If it were possible to run LLMs without a significant investment to GPU prowess, this problem wouldn’t be very relevant. However, the bigger FOSS LLMs require a lot of power to run.
Is there any automated technique (scripts, lookups etc) that can warn a user before the content is posted online? I’m asking this specifically for textual content.
Thanks
I didn’t mention what I wanted clearly enough, so here goes:
I am looking to scan my own posts/comments for stylometry statistics, for the most part, but PII would be nice. I’ll deal with the browser-agent, Cookies, IP etc.

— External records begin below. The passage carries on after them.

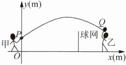 7. 甲、乙两人进行羽毛球比赛,羽毛球飞行的路线为抛物线的一部分,如图所示,甲在 $ O $ 点正上方 $ 1 $ m 的 $ P $ 处发出一球,羽毛球飞行的高度 $ y $(m)与水平距离 $ x $(m)之间满足函数表达式 $ y = -\frac{1}{24}(x - 4)^2 + h $,已知点 $ O $ 与球网的水平距离为 $ 5 $ m,球网的高度为 $ 1.55 $ m.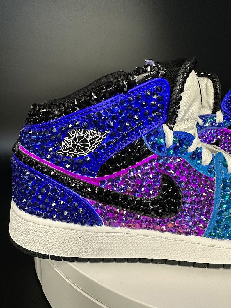 Mejora tu estilo deportivo con unas Jordan 1 mids llenas de brillo. Tengo otras versiones de esta lista, pero estas tienen un estampado degradado BEAUTIFIL. ¡Son ideales para una fiesta de graduación, un cumpleaños, una boda, una salida nocturna o tu próximo evento! Puedes personalizarlas con los colores que prefieras.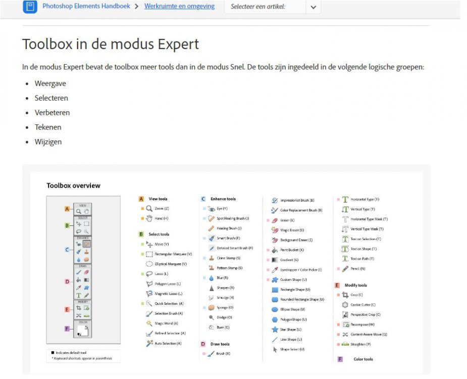 Voor het werk wil ik als extra een korte presentatie maken ivm de uitrol van een nieuw programma. - Printscreens maken van elke handeling Op de Printscreen wil ik een kleine kader plaatsen om functie/ bewerking aan te duiden, en mss een pijl. Kader mag enkel de 4 buitenlijnen omvatten, binnenin doorzichtig. Heb deze functie gezocht op handboek Elements, en zou in de Toolbox in de modus Expert zitten. Hoe kan ik deze modus activeren of kader op een andere manier een kader toevoegen? https://helpx.adobe.com/nl/photoshop-elements/using/tools.html -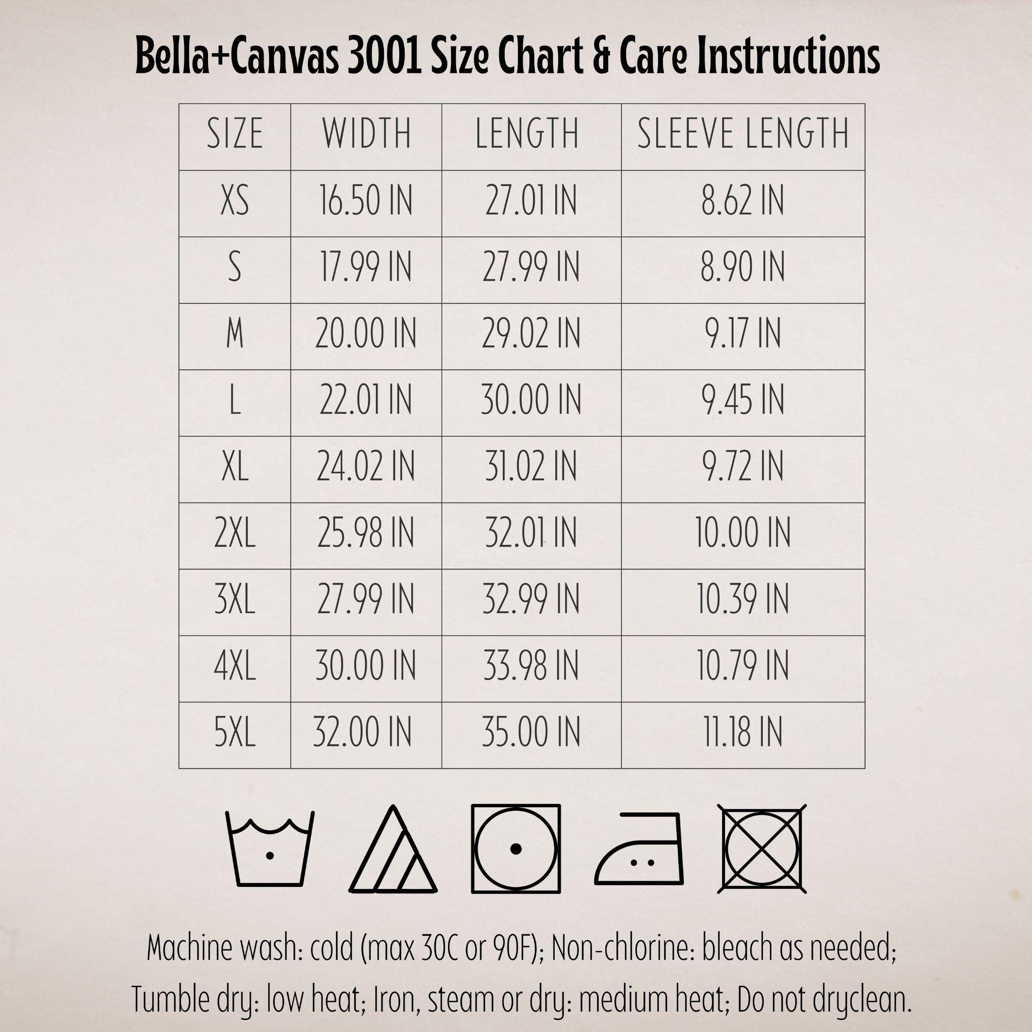 Product information: Bella+Canvas 3001, 2 year warranty in EU and Northern Ireland as per Directive 1999/44/EC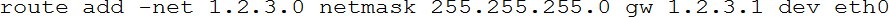 Здесь мы добавляем маршрут для сети 1.2.3.* на интерфейсе eth0: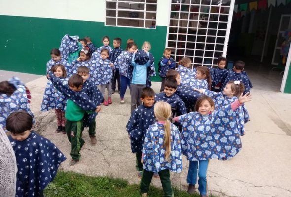 Alunos da escola Vila Olsen recebem ponchos para o inverno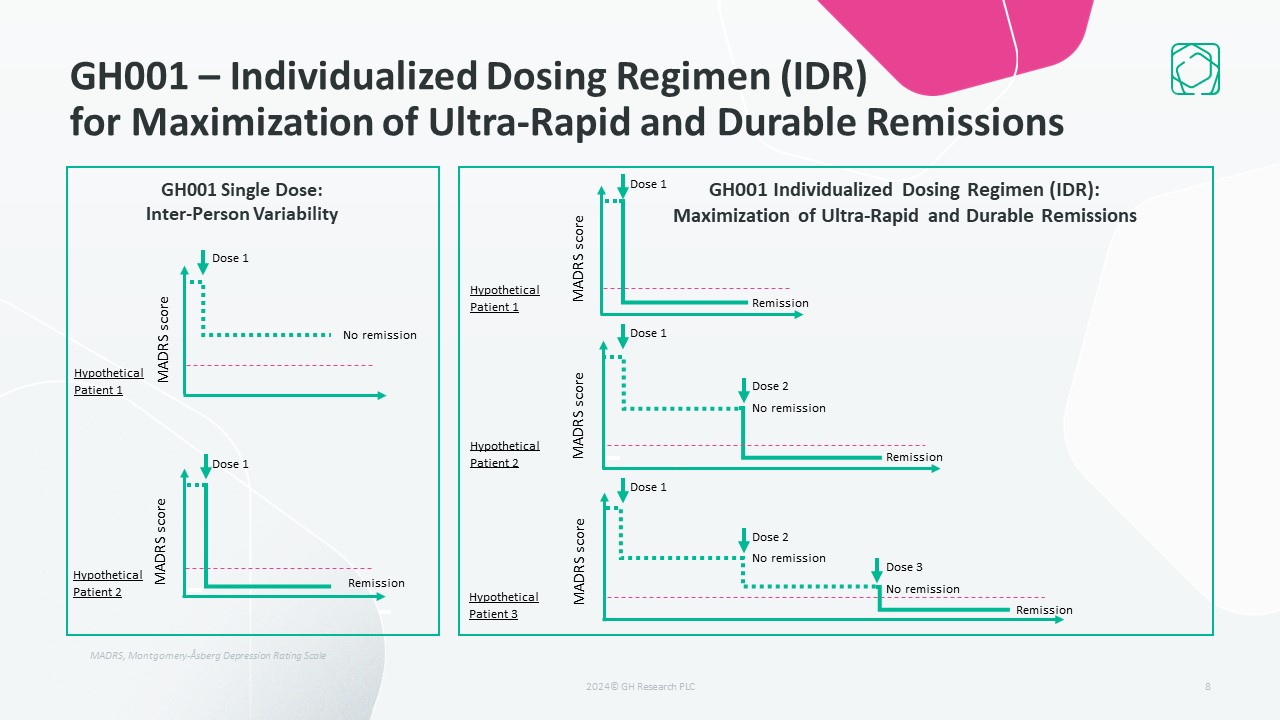 GH001 – Individualized Dosing Regimen (IDR) for Maximization of Ultra-Rapid and Durable Remissions  8  GH001 Single Dose:  Inter-Person Variability  GH001 Individualized Dosing Regimen (IDR):Maximization of Ultra-Rapid and Durable Remissions   MADRS score  MADRS score  MADRS score  MADRS score  Dose 1  Dose 1  Dose 2  Dose 3  Dose 2  Dose 1  No remission  Remission  Remission  Remission  Remission  Hypothetical   Patient 1  Hypothetical   Patient 2  Hypothetical   Patient 3  Hypothetical   Patient 1  Hypothetical   Patient 2  No remission  No remission  No remission  Dose 1  MADRS score  Dose 1  MADRS, Montgomery-Åsberg Depression Rating Scale

Threat model would likely be to prevent people who might be wanting to link my identity with my online persona. Obviously, the government is excluded since they can just mine the IP from Lemmy mods and get to me. This is someone who is interested in my identity and will use FOSS/some proprietary tools to link my identities
Edit: it seems there are packages available on python and R to parser through text and try to infer identity from stylometric data. I’ll have to look into that, but it seems doable at a basic level.
you want to do scans before the content is posted? or you want to scan existing content online that you posted?
you could self-host LanguageTool for paraphrasing capability, which would vastly reduce stylometry correlations
https://github.com/languagetool-org/languagetool
Thank you, I’ll take a look! That’s a great idea!